- **What is needed**:
Print out the full material below, exact in every line, with no images included.

-- The data follows --

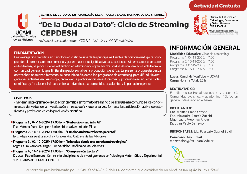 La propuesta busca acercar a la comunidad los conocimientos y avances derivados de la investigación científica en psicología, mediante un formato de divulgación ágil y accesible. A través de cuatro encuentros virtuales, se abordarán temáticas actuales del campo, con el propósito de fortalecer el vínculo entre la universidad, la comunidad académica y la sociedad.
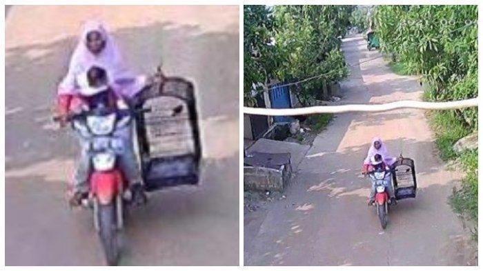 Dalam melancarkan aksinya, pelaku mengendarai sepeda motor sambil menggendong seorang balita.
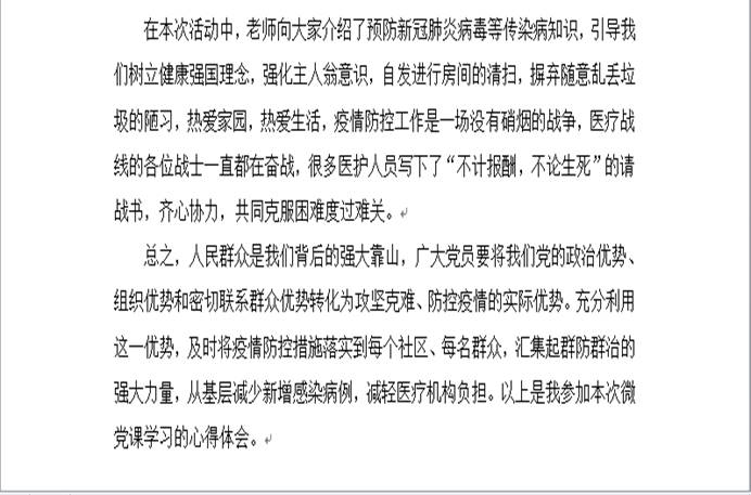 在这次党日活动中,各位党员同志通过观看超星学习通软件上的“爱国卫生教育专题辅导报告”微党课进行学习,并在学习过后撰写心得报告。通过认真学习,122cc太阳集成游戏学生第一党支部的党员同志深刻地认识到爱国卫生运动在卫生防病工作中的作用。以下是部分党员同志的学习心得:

-- The data concluded --

- **Response below**:
 La propuesta busca acercar a la comunidad los conocimientos y avances derivados de la investigación científica en psicología, mediante un formato de divulgación ágil y accesible. A través de cuatro encuentros virtuales, se abordarán temáticas actuales del campo, con el propósito de fortalecer el vínculo entre la universidad, la comunidad académica y la sociedad.
 Dalam melancarkan aksinya, pelaku mengendarai sepeda motor sambil menggendong seorang balita.
 在这次党日活动中,各位党员同志通过观看超星学习通软件上的“爱国卫生教育专题辅导报告”微党课进行学习,并在学习过后撰写心得报告。通过认真学习,122cc太阳集成游戏学生第一党支部的党员同志深刻地认识到爱国卫生运动在卫生防病工作中的作用。以下是部分党员同志的学习心得:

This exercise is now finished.